* [Raw data]
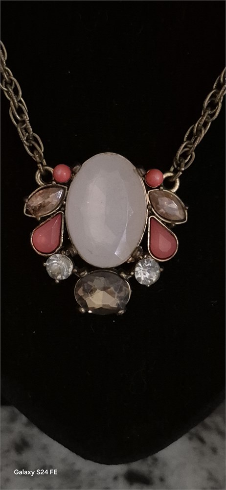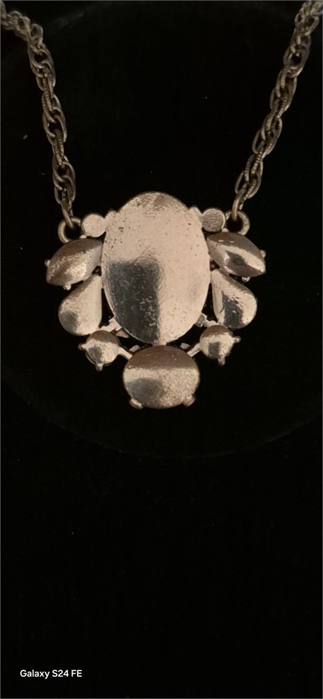 Very Pretty Monet Vintage Gold Tone Rhinestone Pendant Necklace....
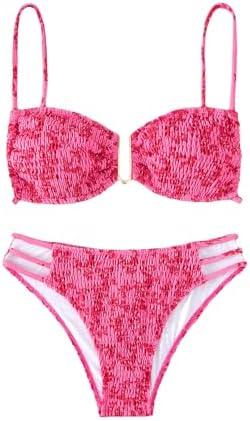 This bikini set showcases a delightful floral print that adds a touch of femininity while the cut-out design enhances the trendy factor. Crafted from comfortable fabric, it features a smocked back and tie closure, ensuring a secure fit suitable for a day at the beach or pool. The adjustable straps provide added customization, allowing for an ideal fit across different body types. Available in multiple sizes, the set is designed to flatter various figures, making it a practical option for sun-soaked fun.
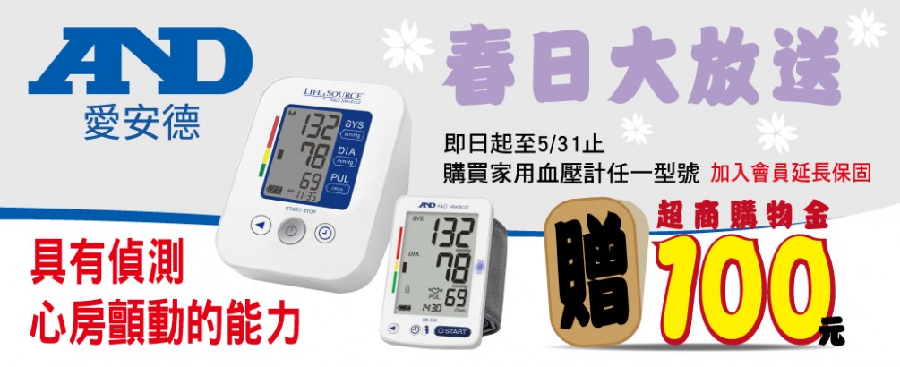 【活動內容】 於活動期間購買家用血壓計系列任一機種,成為AND愛安德會員,並完成保固登錄資訊及發票上傳,即可兌換「$100四大超商電子購物金」。 【活動期間】 即日起~2026/5/31 【發票登錄期間】 即日起~2026/06/15 *請上傳清晰發票照片(含...

* [Task] Please reproduce the data above word for word, skipping all images.

* [Task answer]
 Very Pretty Monet Vintage Gold Tone Rhinestone Pendant Necklace....
 This bikini set showcases a delightful floral print that adds a touch of femininity while the cut-out design enhances the trendy factor. Crafted from comfortable fabric, it features a smocked back and tie closure, ensuring a secure fit suitable for a day at the beach or pool. The adjustable straps provide added customization, allowing for an ideal fit across different body types. Available in multiple sizes, the set is designed to flatter various figures, making it a practical option for sun-soaked fun.
 【活動內容】 於活動期間購買家用血壓計系列任一機種,成為AND愛安德會員,並完成保固登錄資訊及發票上傳,即可兌換「$100四大超商電子購物金」。 【活動期間】 即日起~2026/5/31 【發票登錄期間】 即日起~2026/06/15 *請上傳清晰發票照片(含...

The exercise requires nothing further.